Financial Hurdles and Making the Business Case (Continued)
The good news is that while sticker prices are higher, the total cost of ownership (TCO) for electric vehicles can be favorable in many use cases, but it requires a shift in perspective. Over the vehicle’s life, fuel and maintenance savings can outweigh the upfront premium. Electricity (especially off-peak) is significantly cheaper per mile than diesel. For instance, charging an EV on a typical overnight tariff (~14p/kWh) means driving 100 miles can cost only around £4–5 in electricity , which equates to roughly £0.02 per mile [25] . By contrast, an efficient diesel van might burn £12–£15 of fuel per 100 miles (around £0.12–£0.15 per mile).
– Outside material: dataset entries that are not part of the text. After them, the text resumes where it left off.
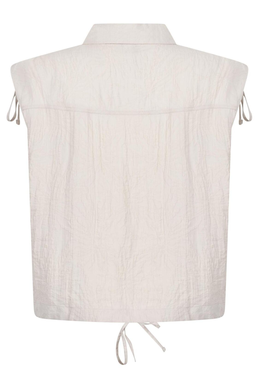 Deze stijlvolle mouwloze blouse van Zoso voegt een subtiele flair toe aan je zomercollectie. De blouse is gemaakt van een zachte, ademende stofmix van 74% viscose en 26% polyamide, wat bijdraagt aan een comfortabel draagcomfort gedurende de warmere seizoenen. Uitgevoerd in een elegante zandkleur, past dit stuk perfect bij verschillende outfits. De structuur in de stof en de opvallende puntkraag geven het een onderscheidende look, terwijl de knoopsluiting zorgt voor een klassieke touch. Met zijn regular fit is deze Zoso blouse ideaal voor diverse gelegenheden, van informele bijeenkomsten tot een ontspannen dag in de stad. De decoratieve strikdetails aan de schouders en de subtiele drapering langs de zijkanten onderstrepen het casual karakter. Of je het combineert met een lichte short voor een stranddag of met een lange rok voor een avond uit, deze blouse biedt veelzijdigheid en stijl in één eenvoudig kledingstuk.
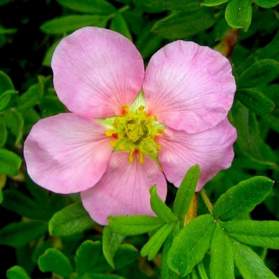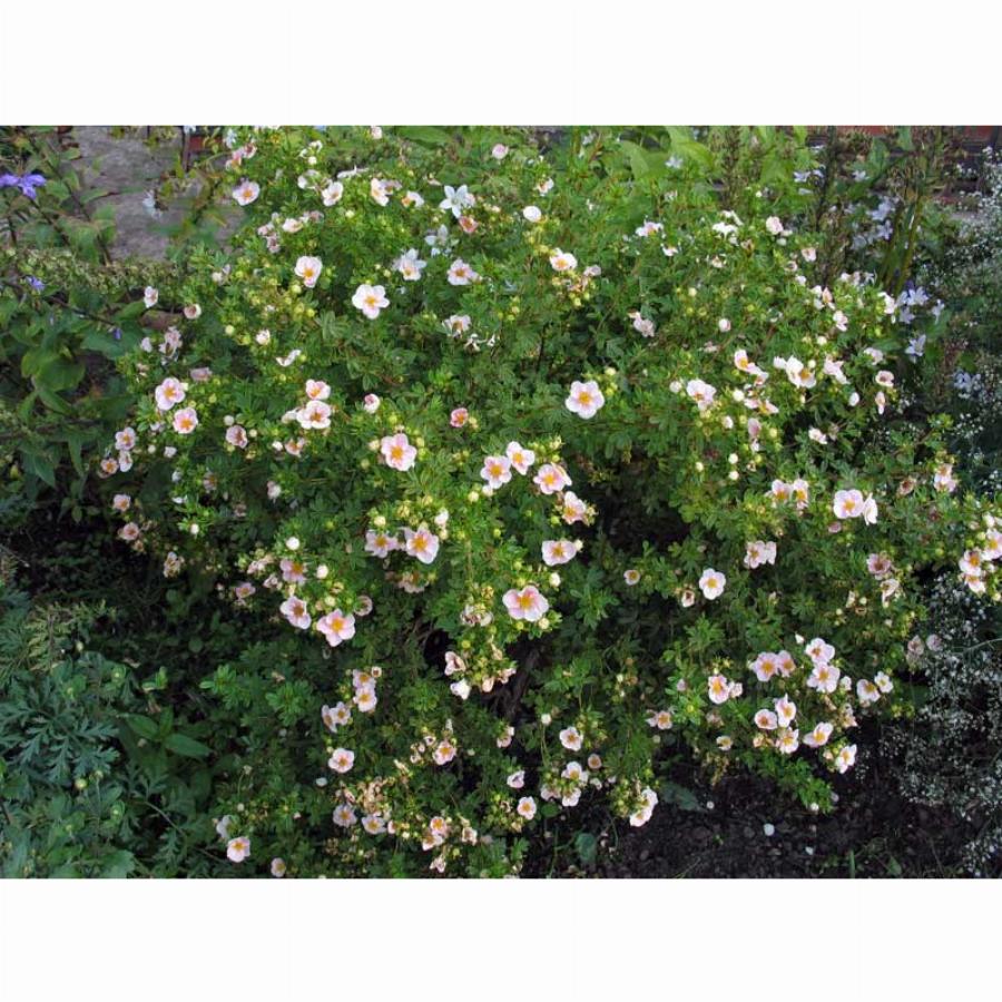 Кустарник. Высота 0,5-0,7м, диаметр кроны 1,2м. Крона плотная, подушковидная. Период цветения: май-октябрь. Цветки розовые. Способны выгорать на солнце. Листва: темно-зеленые. Состоят из 5 листочков, опушенные. Место: солнце-полутень. Почва: плодородные, влажные, легкие почвы.
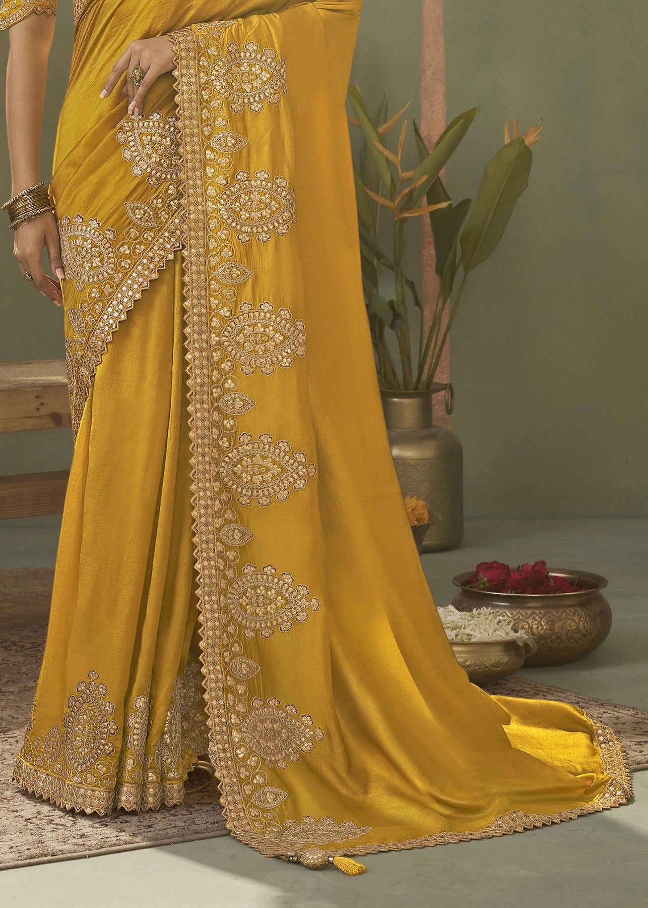 “Exclusive Offer” : Golden Yellow Woven Embroidered Silk Saree

Maintenance costs are also lower EVs don’t need oil changes, have fewer moving parts, and often experience less brake wear due to regenerative braking. These operational savings, however, accrue over time and may not sway fleets that focus narrowly on year-one costs. Notably, only about 51% of fleets are currently using a TCO model when evaluating vehicle purchases ; the rest may be more focused on upfront costs [26] . Closing this “TCO understanding” gap is crucial to making the business case for EVs. Some fleets are now modeling scenarios that include fuel savings, avoided congestion/Clean Air Zone charges, and even potential revenue from vehicle-to-grid services in the future. Residual values are a related financial consideration. The used EV market in the UK has seen some volatility recently, with a surge of ex-lease EVs causing resale values to dip in 2023. This has made leasing companies cautious and can affect lease rates for fleets. However, as the market matures and more second-hand buyers enter (helped by initiatives to boost the used EV market), residual values should stabilise. The Government’s new Electric Car Grant (launched in 2025) and
efforts to stimulate demand for used EVs aim to support this [14] [27] . For fleet managers, it’s important to factor in conservative assumptions on residuals or consider operating leases where the risk is shared. Crucially, financial support schemes can tilt the economics in favor of electrification if leveraged effectively. We mentioned the Plug-in Van Grant and Depot Charging Grant above. Additionally, the Government offers a Workplace Charging Scheme that provides £350 per charging socket for businesses installing employee/work fleet chargers (up to 40 sockets) [28] . There are also incentives for electric trucks, infrastructure tax relief (the 130% first-year capital “super-deduction” was used by some firms to offset EV infrastructure costs [29] ), and no Vehicle Excise Duty for zero-emission vehicles until 2025. Savvy fleet operators are layering these incentives into their financial models. They are also negotiating volume discounts with manufacturers and seeking innovative financing (e.g. leases or battery-as-a-service models) to reduce upfront costs. In short, while the initial price tag of electrification is high, the smart application of incentives and a holistic view of lifetime costs can make the investment not only palatable but compelling . Developing realistic total cost models , accounting for vehicle price, grants, energy costs, maintenance, tax breaks, and residuals, is a near-term priority for fleet finance managers [30] .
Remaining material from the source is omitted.